Well, if I was doing a router I wouldn't go with BSD, because:
1. If you contribute back, any contribution is going to be free for all. Which means that if Linksys contributes something, Netgear automatically gets to use it without any strings attached in their next product. If it happens that Linksys got something almost right, and Netgear managed to polish it to perfection in a few days, then Netgear just gained a really cool feature, courtesy of Linksys, and Linksys doesn't get to see how they did it.
2. If you don't contribute back, you now have to maintain an internal fork. This is not very easy, since the people doing the public development don't know or care about what you're doing, and are perfectly free to introduce changes that completely break your modifications.
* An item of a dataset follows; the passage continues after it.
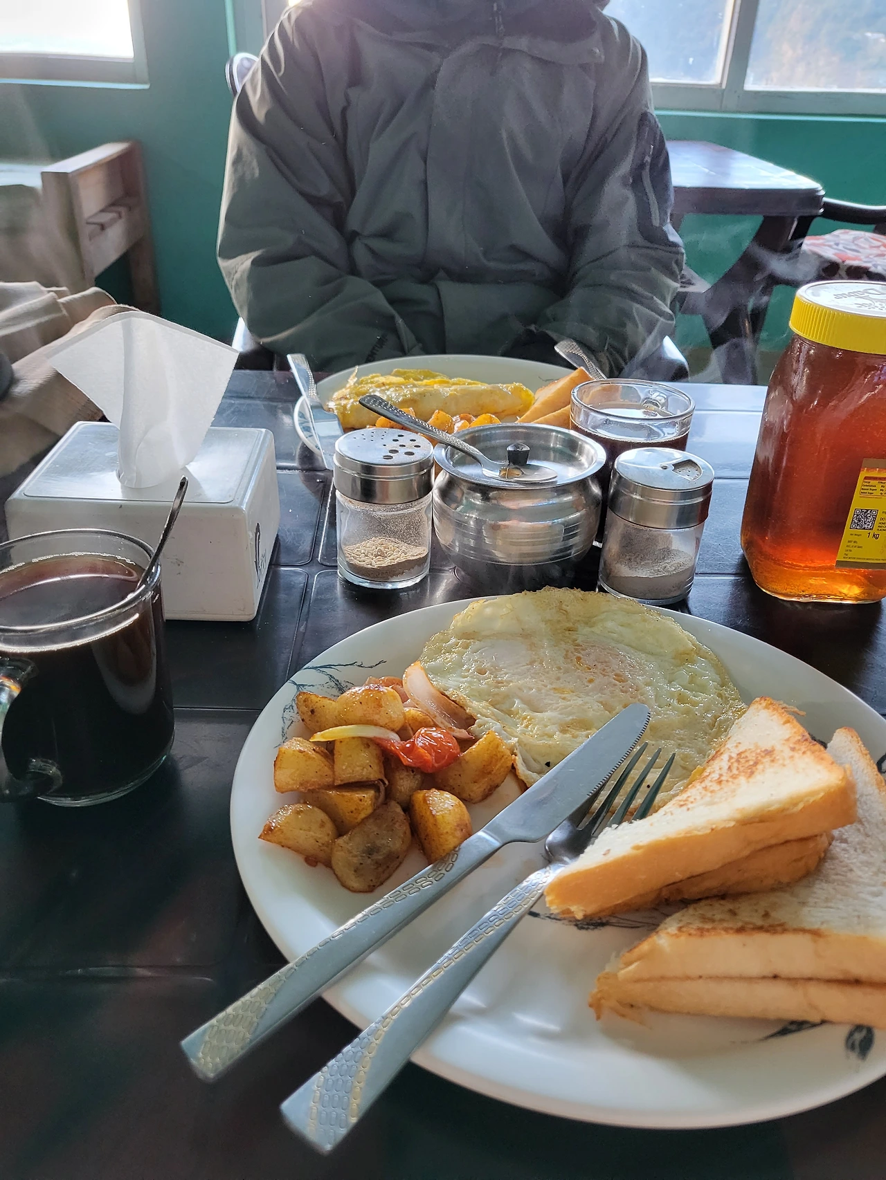 물론 항상 힘들지만, 제일 고통스러운 순간은 아침에 멀쩡히 일어났을 때이다. 몸이 죽을 만큼 아프면 내려가기라도 할 수 있지만 그 정도로 아프지 않았다. 오늘도 고산병에서 살아남기 위해 밥을 든든하게 먹고 아침을 시작한다. 달밧이 너무 좋지만 아침부터 먹고 싶지 않아서 아침은 브런치 세트로 먹었다. 여기에서 제공해 주는 꿀이 아주 기가 막히다.

3. If you release your changes under the GPL, the BSD supporters will whine about it for weeks.
4. A lot of stuff out there is targeted to Linux. There's lots of software that doesn't build cleanly on Solaris due to applications using GNU extensions. I imagine the same goes for BSD as well.
Considering they first sent around inspectors to spy on him for daring to open the box ... fuck 'em. Fuck 'em hard.
http://rocknerd.co.uk
While Apple is heavily involved in several Open Source projects like WebKit, CUPS etc. they do not use Linux in any way.
They may not use the Linux kernel, but OS X includes a metric shedload of GNU and other o/s code including, for example, samba, bash and gcc, which are also critical parts of many Linux-based OSs. (and how many suits make the distinction between the kernel and what you get in a full distro?)
The point is that, while IBM seem to have renounced their wicked ways and become born again FOSS evengelists, Apple are still notoriously secretive, litigious, and protective of their IP (and maybe not particularly liked by the FOSS movement) yet even they manage to at least provide source code.
In a survey of 100 programmers, 111111 thought that duck-typing was a good idea.
If you can't provide the necessary source to comply with the GPL then you
don't really have the necessary source to rebuild your complete environment.
You aren't really in a good position to ensure anything with regards to QA
of your entire "product" because you can't recreate the entire user
environment.
If you are in a position properly test your product based on BSDL or GPL work
then you are in a position to pass that source along to any customer that asks.
A Pirate and a Puritan look the same on a balance sheet.